Le jour suivant, je me mis à chercher où je pourrais le loger d’une manière
commode pour lui sans avoir rien à craindre pour moi au cas où il serait
assez méchant pour attenter à ma vie. Je ne trouvai rien de plus convenable
que de lui faire une hutte entre mes deux retranchements et je pris toutes
les précautions pour l’empêcher de venir dans mon château malgré moi.
Mais cette prudence n’était pas nécessaire. Jamais homme n’eut un valet
plus fidèle, plus rempli d’amour pour son maître. Il s’attachait à moi avec
une tendresse véritablement filiale, il n’était ni entêté ni violent et, en toute
occasion, il aurait sacrifié sa vie pour sauver la mienne.

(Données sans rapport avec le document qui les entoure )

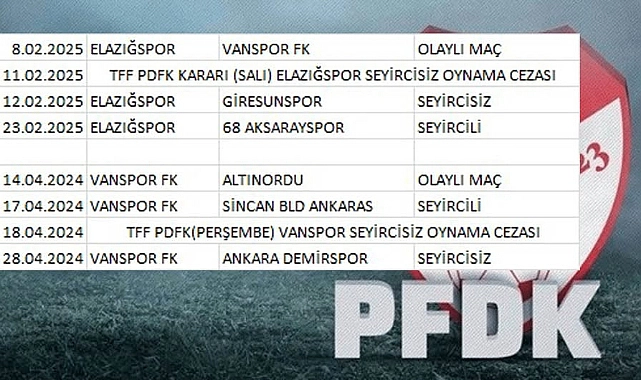 Elazığspor ise 8 Şubat 2025 tarihinde Vanspor ile karşı karşıya geldi. 11 Şubat’ta PFDK tarafından Elazığspor’a 1 maç seyircisiz oynama cezası verildi. 12 Şubat’ta ise Elazığspor, kendi sahasında Giresunspor ile seyircisiz oynadı. Hızlı alınan bu karar sonrasında özellikle Motolux 68 Aksaraysporlu taraftarlar, her zaman perşembe günü açıklanan PFDK kararının neden salı günü açıklandığı sorgulamaya başladı.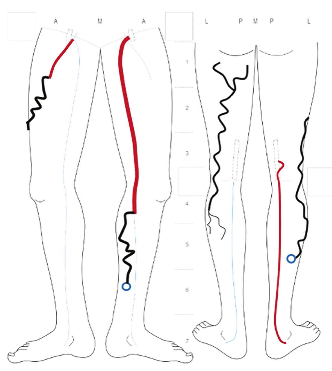 À l’issue de l’écho-Doppler et parallèlement au compte-rendu de l’examen, est élaborée une cartographie veineuse qui représente de façon graphique les données écho-anatomiques et hémodynamiques recueillies au cours de l’écho-Doppler, qui peuvent être particulièrement complexes. Cette cartographie est indispensable à la bonne réalisation technique des traitements interventionnels éventuellement décidés, au suivi thérapeutique et à l’analyse de l’évolutivité de la maladie variqueuse (fig. 1 7).

J’étais charmé de lui et m’efforçais surtout de lui apprendre à parler ; je
le trouvai le meilleur écolier du monde. Il était si gai, si ravi quand il pouvait
me comprendre ou se faire comprendre de moi qu’il me communiquait sa
joie et rendait nos conversations charmantes.
Je résolus aussi de le détourner de son appétit de cannibale en lui faisant
goûter d’autres viandes. Je le conduisis donc un matin dans les bois et fis
feu sur un chevreau sauvage que je tuai. Le pauvre Vendredi qui m’avait
vu terrasser de loin un de ses ennemis se mit à trembler comme une feuille.
Sans tourner la tête du côté du chevreau pour voir si je l’avais tué ou non,
il ne songea qu’à ouvrir sa veste pour examiner s’il n’était pas blessé luimême ;
après quoi, il se jeta à mes pieds pour me supplier de ne pas le tuer.
Je le rassurai, le prit par la main en souriant, le fis lever, et, lui montrant
du doigt le chevreau, lui fis signe de l’aller chercher. Pendant qu’il était
occupé à découvrir comment cet animal avait été tué, je chargeai mon fusil
de nouveau et, au même moment, j’aperçus un perroquet sur un arbre. Là-
dessus, j’appelai Vendredi et, lui montrant mon fusil et le perroquet, je lui
fis comprendre mon dessein d’abattre l’oiseau. Je tirai effectivement et je
vis de nouveau la frayeur sur le visage de mon compagnon. Ne m’ayant rien
vu mettre dans mon fusil, il le considéra comme une source inépuisable de
ruine et de destruction. De longtemps il ne put revenir de sa surprise, et, si je
l’avais laissé faire, je crois qu’il aurait adoré mon fusil aussi bien que moi.
Il n’osa pas y toucher pendant plusieurs jours, mais il lui parlait, comme si
cet instrument était capable de lui répondre. C’était, comme j’ai appris dans
la suite, pour le prier de ne pas lui ôter la vie.